BEGIN Supplied entries

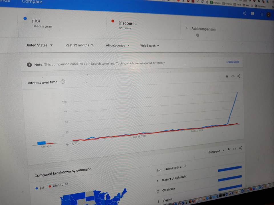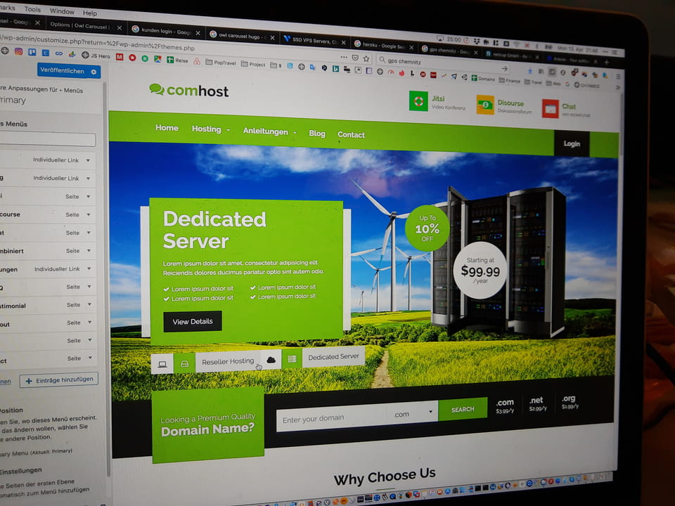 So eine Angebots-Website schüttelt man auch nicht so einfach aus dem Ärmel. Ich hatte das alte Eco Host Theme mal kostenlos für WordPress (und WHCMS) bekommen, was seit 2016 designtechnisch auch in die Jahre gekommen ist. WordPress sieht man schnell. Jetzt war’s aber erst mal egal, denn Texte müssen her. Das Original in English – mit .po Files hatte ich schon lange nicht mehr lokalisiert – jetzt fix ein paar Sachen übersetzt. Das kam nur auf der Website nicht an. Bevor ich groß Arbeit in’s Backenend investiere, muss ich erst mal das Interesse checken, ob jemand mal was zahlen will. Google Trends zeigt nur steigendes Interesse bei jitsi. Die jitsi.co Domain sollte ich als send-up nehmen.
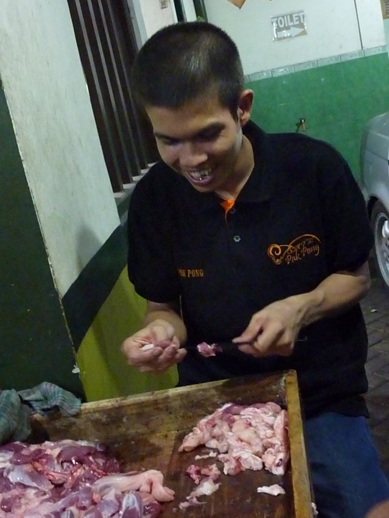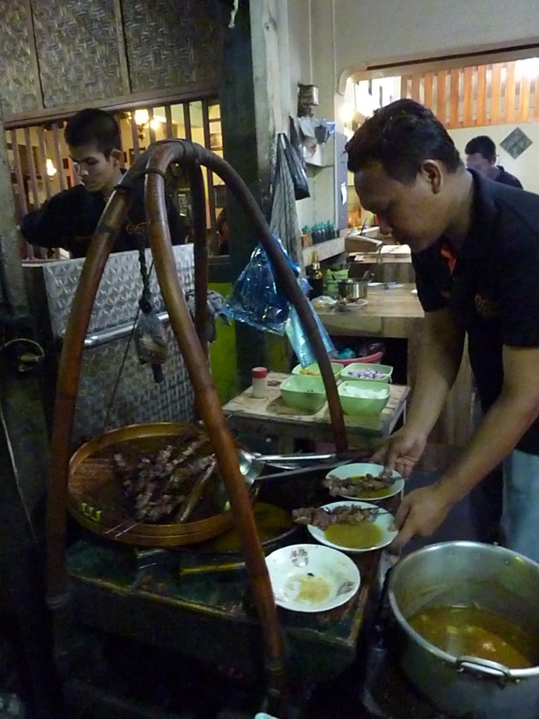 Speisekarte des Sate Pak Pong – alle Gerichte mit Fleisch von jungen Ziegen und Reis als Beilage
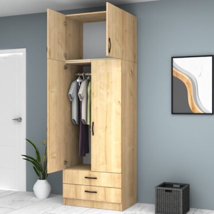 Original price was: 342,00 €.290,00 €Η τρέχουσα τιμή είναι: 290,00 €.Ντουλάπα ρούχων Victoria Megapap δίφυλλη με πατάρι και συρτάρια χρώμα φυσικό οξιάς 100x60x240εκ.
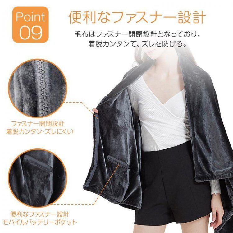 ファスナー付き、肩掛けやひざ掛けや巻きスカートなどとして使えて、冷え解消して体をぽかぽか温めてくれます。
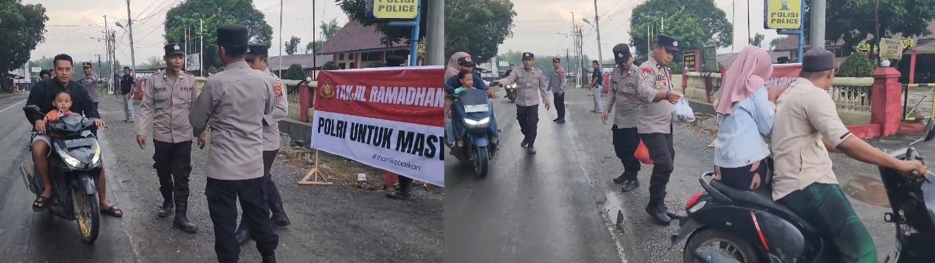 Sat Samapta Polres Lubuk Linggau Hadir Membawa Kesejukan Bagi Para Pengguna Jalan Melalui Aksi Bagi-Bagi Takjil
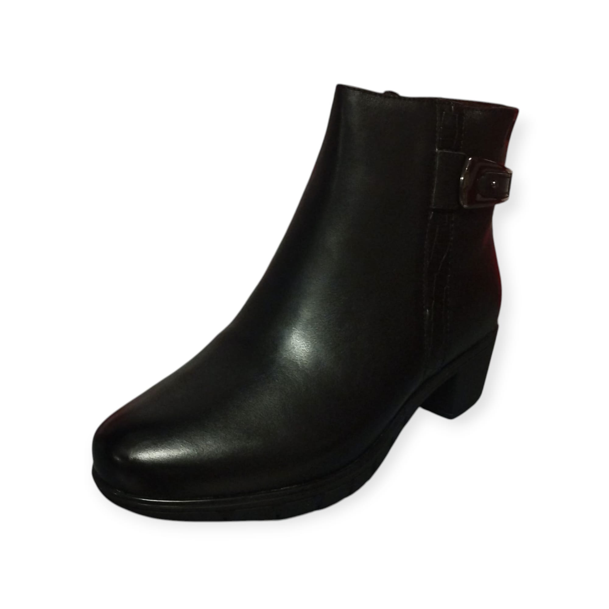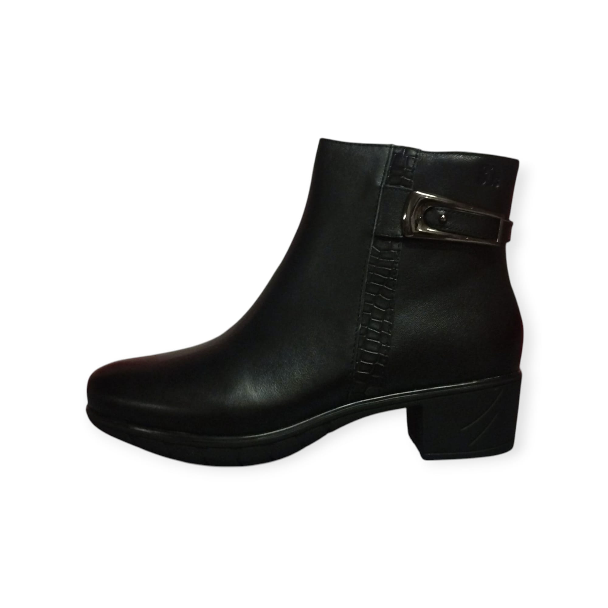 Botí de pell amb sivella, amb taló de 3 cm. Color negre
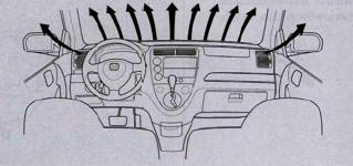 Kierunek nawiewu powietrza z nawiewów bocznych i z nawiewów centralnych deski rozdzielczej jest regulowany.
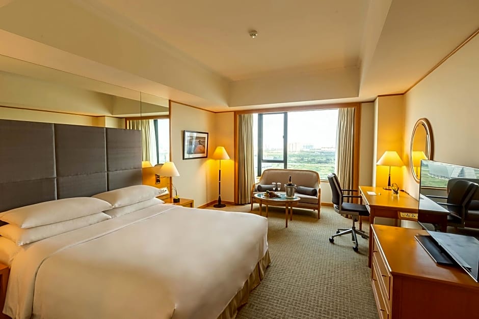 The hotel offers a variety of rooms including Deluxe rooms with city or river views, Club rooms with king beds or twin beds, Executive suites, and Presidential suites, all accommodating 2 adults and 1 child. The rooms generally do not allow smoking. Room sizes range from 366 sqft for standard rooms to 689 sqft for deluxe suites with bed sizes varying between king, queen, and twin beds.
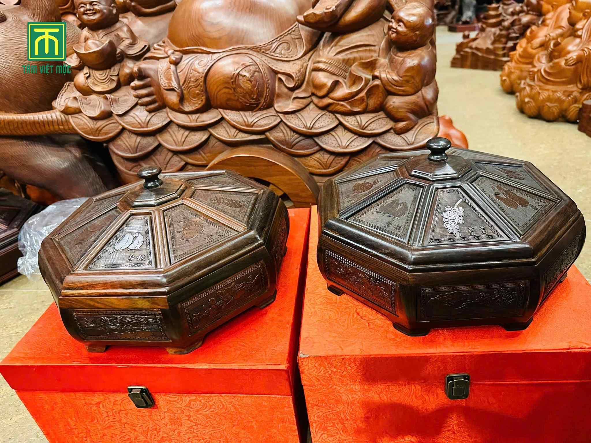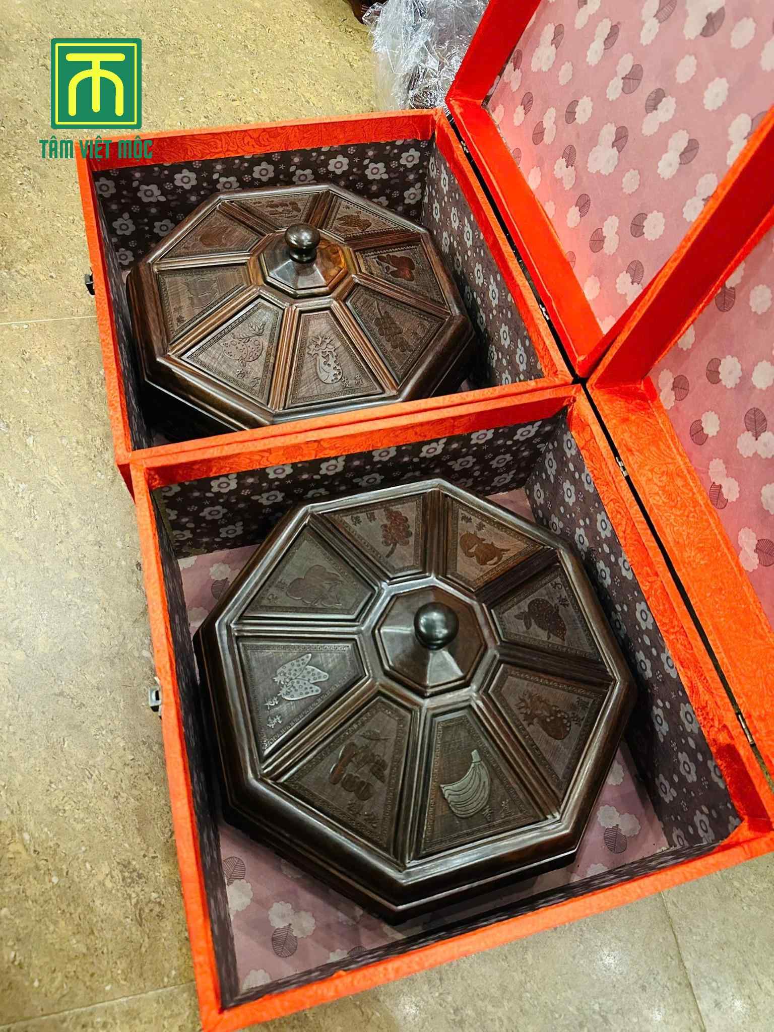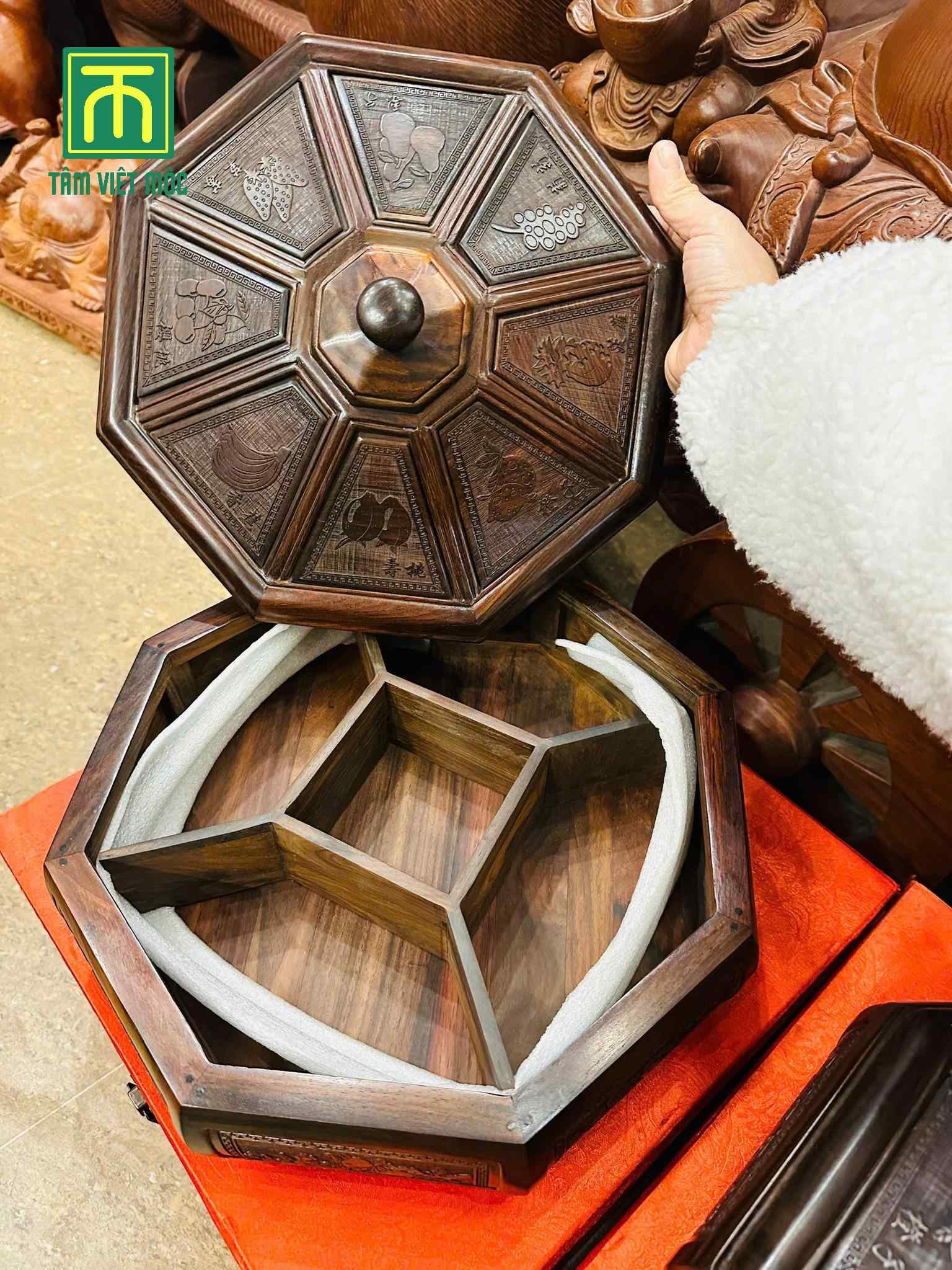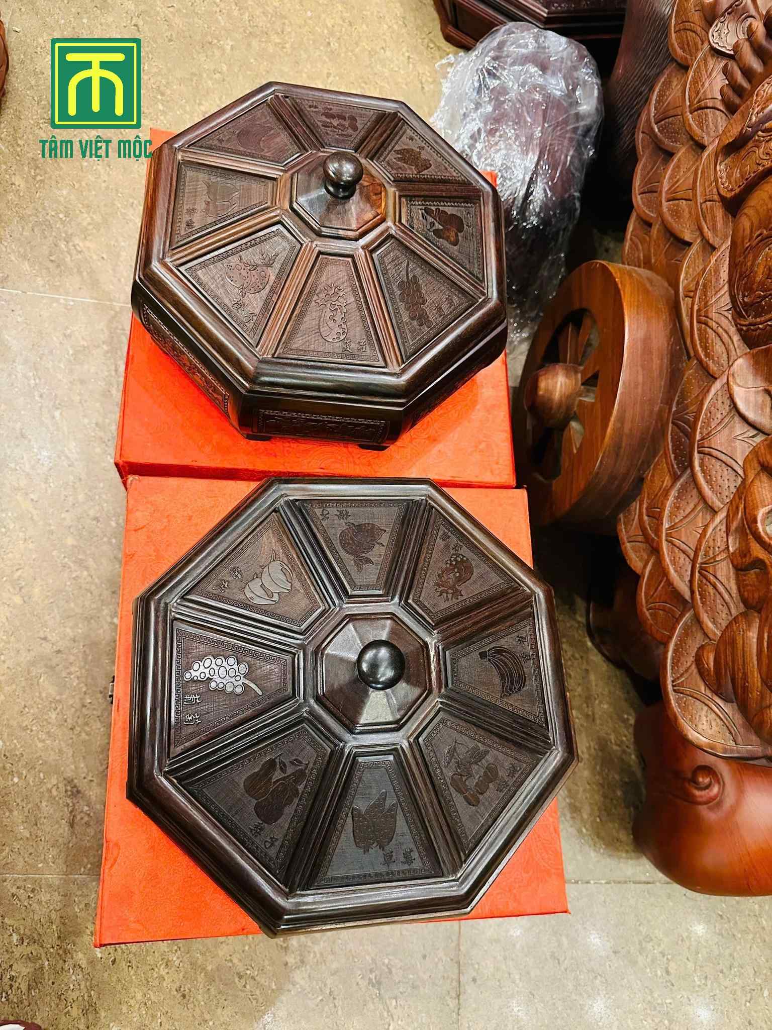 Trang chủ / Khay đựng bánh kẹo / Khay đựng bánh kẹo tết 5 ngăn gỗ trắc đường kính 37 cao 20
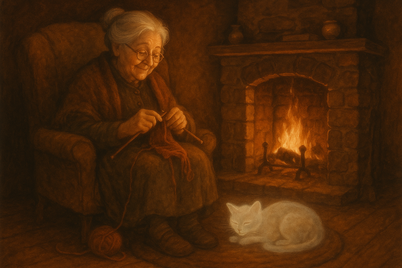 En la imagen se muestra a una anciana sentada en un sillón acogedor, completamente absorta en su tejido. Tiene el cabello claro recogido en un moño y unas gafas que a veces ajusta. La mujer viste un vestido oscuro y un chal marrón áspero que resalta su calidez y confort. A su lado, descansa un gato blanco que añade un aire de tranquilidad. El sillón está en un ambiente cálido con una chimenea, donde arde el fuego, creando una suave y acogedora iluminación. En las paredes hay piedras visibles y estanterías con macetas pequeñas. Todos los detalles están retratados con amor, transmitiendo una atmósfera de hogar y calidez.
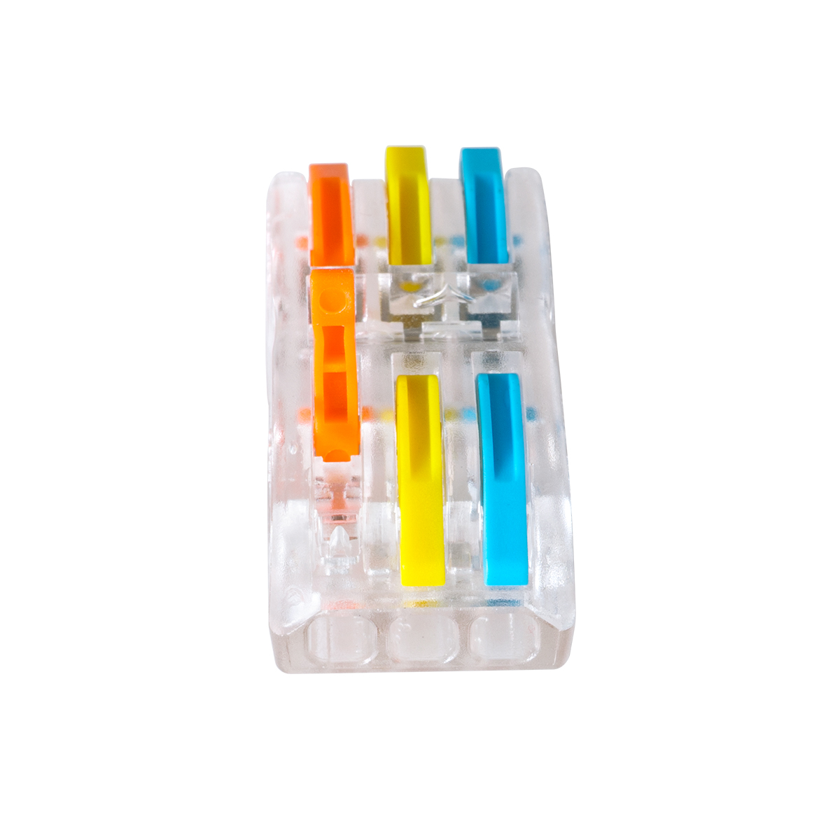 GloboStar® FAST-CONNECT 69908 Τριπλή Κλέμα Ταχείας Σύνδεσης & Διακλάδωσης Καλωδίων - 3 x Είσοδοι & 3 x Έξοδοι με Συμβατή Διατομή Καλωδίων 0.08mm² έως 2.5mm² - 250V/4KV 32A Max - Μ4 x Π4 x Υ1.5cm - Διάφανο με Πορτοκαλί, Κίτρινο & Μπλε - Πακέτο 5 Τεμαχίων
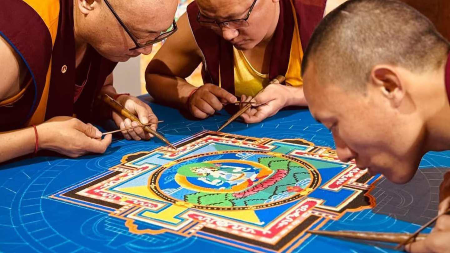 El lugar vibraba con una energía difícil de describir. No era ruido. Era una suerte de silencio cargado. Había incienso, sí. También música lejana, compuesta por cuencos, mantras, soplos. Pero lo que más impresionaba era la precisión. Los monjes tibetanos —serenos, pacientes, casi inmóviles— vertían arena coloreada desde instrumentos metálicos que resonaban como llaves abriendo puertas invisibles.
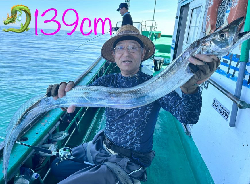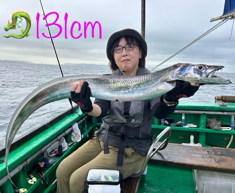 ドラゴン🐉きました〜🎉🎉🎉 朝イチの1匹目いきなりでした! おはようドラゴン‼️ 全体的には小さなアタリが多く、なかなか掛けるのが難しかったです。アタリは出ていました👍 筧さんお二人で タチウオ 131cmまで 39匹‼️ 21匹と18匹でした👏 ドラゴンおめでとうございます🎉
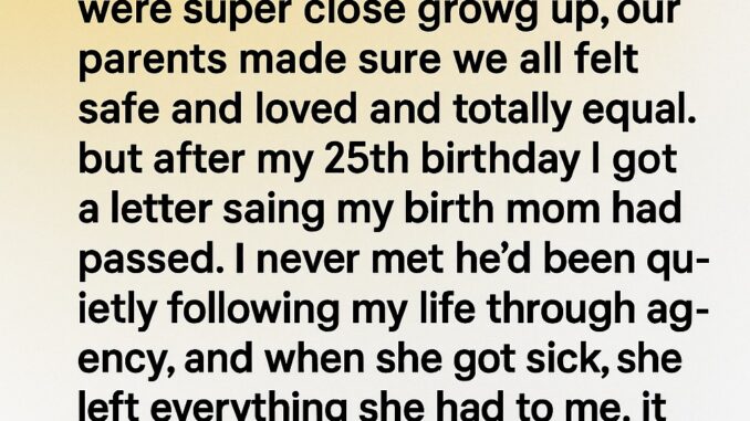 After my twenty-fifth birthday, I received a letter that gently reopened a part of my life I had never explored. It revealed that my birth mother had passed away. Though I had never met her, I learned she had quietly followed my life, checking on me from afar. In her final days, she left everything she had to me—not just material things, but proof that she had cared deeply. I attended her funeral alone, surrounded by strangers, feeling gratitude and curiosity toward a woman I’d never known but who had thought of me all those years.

END Supplied entries

What is expected ▸ Using the data above, transcribe exactly the lines between those containing "Original price was: 342,00" and "Kierunek nawiewu powietrza", inclusive, and leave every picture behind.

Final answer ▸
 Original price was: 342,00 €.290,00 €Η τρέχουσα τιμή είναι: 290,00 €.Ντουλάπα ρούχων Victoria Megapap δίφυλλη με πατάρι και συρτάρια χρώμα φυσικό οξιάς 100x60x240εκ.
 ファスナー付き、肩掛けやひざ掛けや巻きスカートなどとして使えて、冷え解消して体をぽかぽか温めてくれます。
 Sat Samapta Polres Lubuk Linggau Hadir Membawa Kesejukan Bagi Para Pengguna Jalan Melalui Aksi Bagi-Bagi Takjil
 Botí de pell amb sivella, amb taló de 3 cm. Color negre
 Kierunek nawiewu powietrza z nawiewów bocznych i z nawiewów centralnych deski rozdzielczej jest regulowany.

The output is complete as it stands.